Releases: polm/fugashi
Version 0.1.10: Python 3.5+ and other features
This release includes a number of small fixes from 0.1.9 and two more significant changes.
Unidic 26 Field Format Support
Unidic has a surprising variety of formats, and the 26-field variety wasn't previously supported. This format includes kana accent information and is notably used in binary distribution of Unidic 2.1.2.
Support for Python 3.5, 3.6
Support for these versions was initially removed due to their short remaining lifespan and lack of a default
option in the namedtuple
constructor. @tamuhey made the necessary changes to get them working so they're supported for now; thanks!
Other Changes
- dummy mecabrc specification for bundled Unidic support (still a work in progress)
- test fixes and documentation
- deal with comma separate values inside fields
Upcoming Changes
I'm working on creating a bundled version of Unidic. Modern versions of Unidic are too large to distribute via PyPI, so I'm figuring out the best way to distribute the data.

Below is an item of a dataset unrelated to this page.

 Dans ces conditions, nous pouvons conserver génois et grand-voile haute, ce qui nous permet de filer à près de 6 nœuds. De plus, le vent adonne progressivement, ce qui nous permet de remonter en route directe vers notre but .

Generic Dictionary Support in v0.1.8
v0.1.8 of fugashi adds support for generic dictionaries. You can now use IPADic or other dictionaries by using a GenericTagger the same way you would use the normal Tagger:
import fugashi
tagger = fugashi.GenericTagger('-d/usr/local/lib/mecab/dic/ipadic')
It's also possible to specify dictionary fields so you can get convenient access to features no matter what dictionary you use.
import fugashi
# the wrapper is just a namedtuple with a default value of None for all fields
MyDictFeatures = fugashi.create_dict_wrapper('MyDictFeatures', 'lemma alpha beta'.split())

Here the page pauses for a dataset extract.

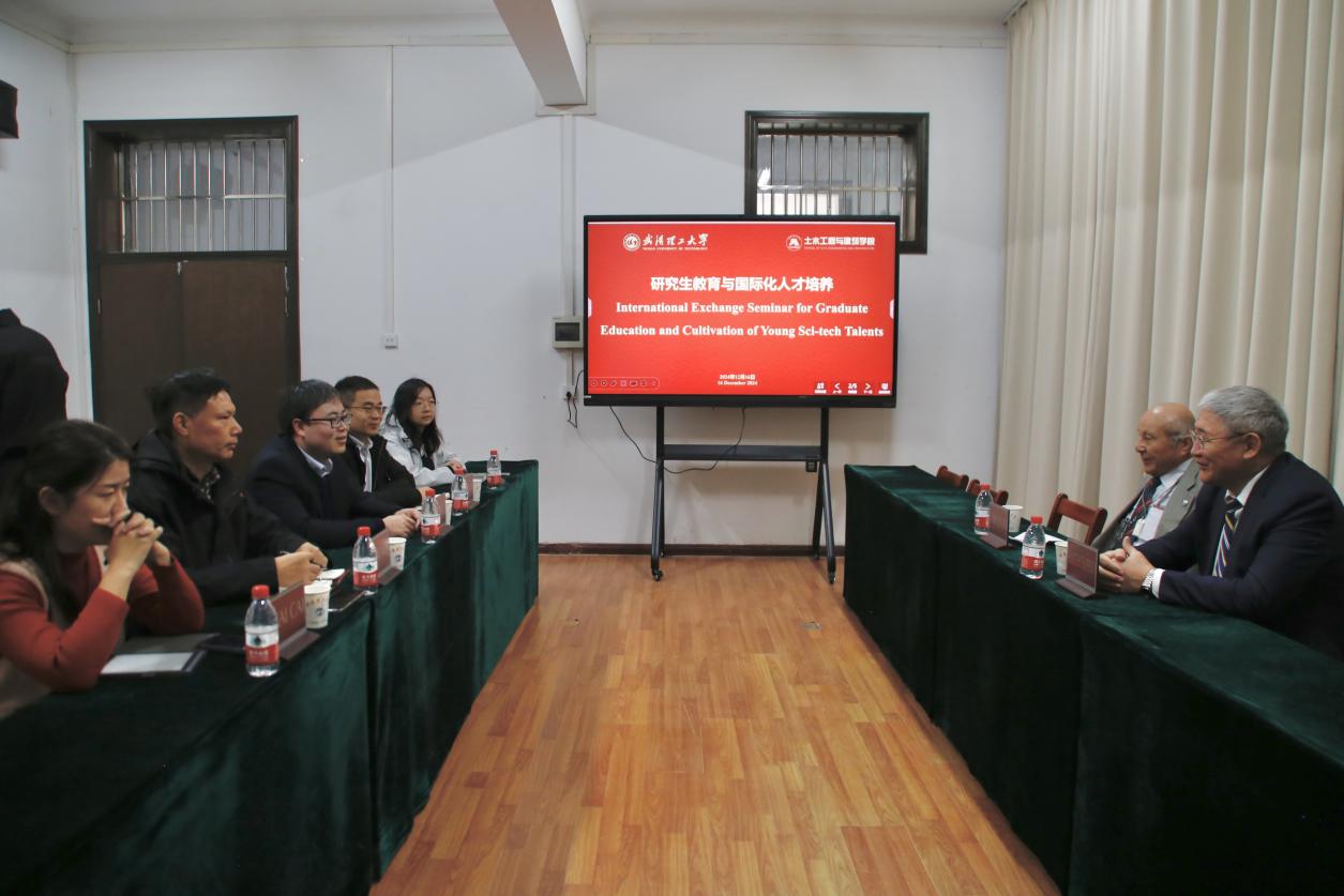 党委副书记尚亿军介绍武汉理工大学支持研究生国际化教育的政策,包括设立专项基金、推动国际合作项目、深化联合培养等,鼓励学院加强国际合作。

tagger = fugashi.GenericTagger('-d/usr/local/lib/mecab/dic/customdic', MyDictFeatures)
nodes = tagger.parseToNodes('blah blah')
node = nodes[0]
print(node.lemma, node.alpha, node.beta)
Some other changes:
- the raw feature string is now available as
.feature_raw
on nodes - packaging-related fixes
- initial mecab-ko-dic (Korean) support; needs more testing